■ Assignment:
The lines to print run from the top of the material below to the line with "Baliza de empotrar", inclusive; please copy them exactly, without pictures.

■ Recorded information:
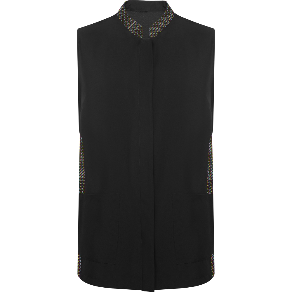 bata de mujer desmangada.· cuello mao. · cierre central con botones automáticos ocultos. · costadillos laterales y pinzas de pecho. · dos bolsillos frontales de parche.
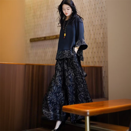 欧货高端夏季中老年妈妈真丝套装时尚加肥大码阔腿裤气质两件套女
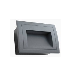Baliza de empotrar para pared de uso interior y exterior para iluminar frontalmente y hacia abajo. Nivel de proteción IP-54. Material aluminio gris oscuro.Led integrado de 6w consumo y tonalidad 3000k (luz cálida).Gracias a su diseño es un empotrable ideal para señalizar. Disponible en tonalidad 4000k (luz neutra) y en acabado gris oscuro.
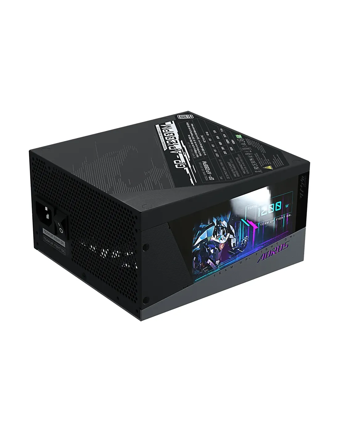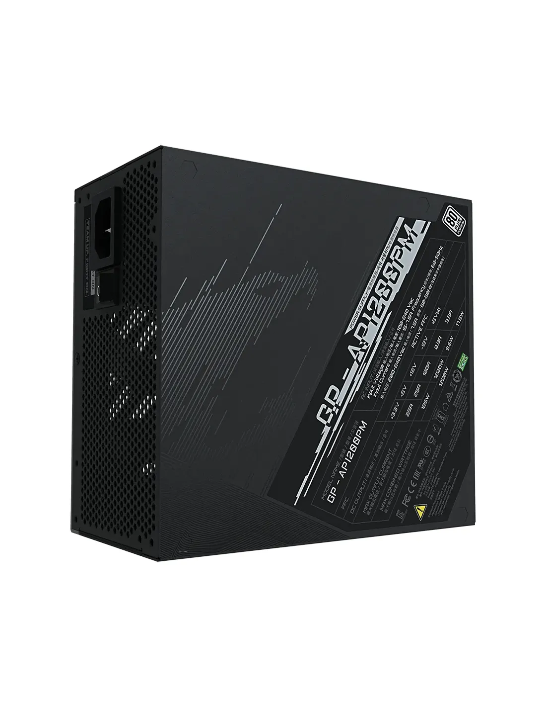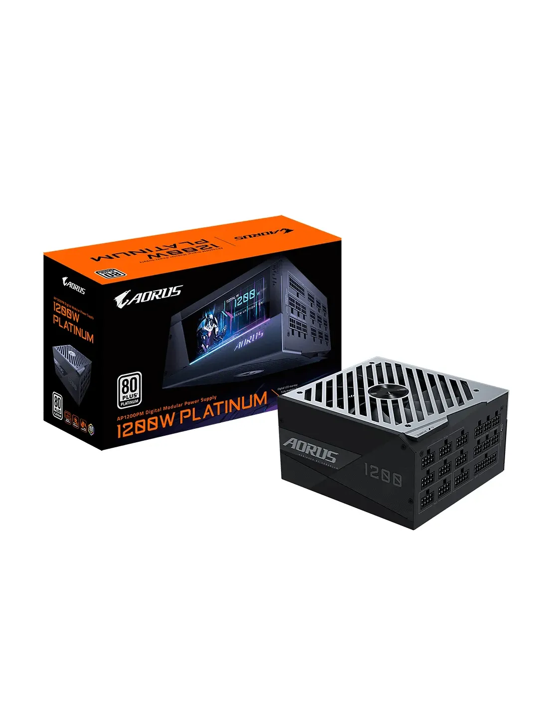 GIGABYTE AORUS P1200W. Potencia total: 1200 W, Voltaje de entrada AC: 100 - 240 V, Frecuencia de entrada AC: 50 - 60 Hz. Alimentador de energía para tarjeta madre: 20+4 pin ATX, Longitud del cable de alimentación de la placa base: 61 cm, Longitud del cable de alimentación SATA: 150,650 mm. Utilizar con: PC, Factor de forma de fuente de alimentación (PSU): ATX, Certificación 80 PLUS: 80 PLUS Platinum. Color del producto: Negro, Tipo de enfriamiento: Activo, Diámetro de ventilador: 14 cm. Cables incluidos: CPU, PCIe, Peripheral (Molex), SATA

■ Response to the exercise:
 bata de mujer desmangada.· cuello mao. · cierre central con botones automáticos ocultos. · costadillos laterales y pinzas de pecho. · dos bolsillos frontales de parche.
 欧货高端夏季中老年妈妈真丝套装时尚加肥大码阔腿裤气质两件套女
Baliza de empotrar para pared de uso interior y exterior para iluminar frontalmente y hacia abajo. Nivel de proteción IP-54. Material aluminio gris oscuro.Led integrado de 6w consumo y tonalidad 3000k (luz cálida).Gracias a su diseño es un empotrable ideal para señalizar. Disponible en tonalidad 4000k (luz neutra) y en acabado gris oscuro.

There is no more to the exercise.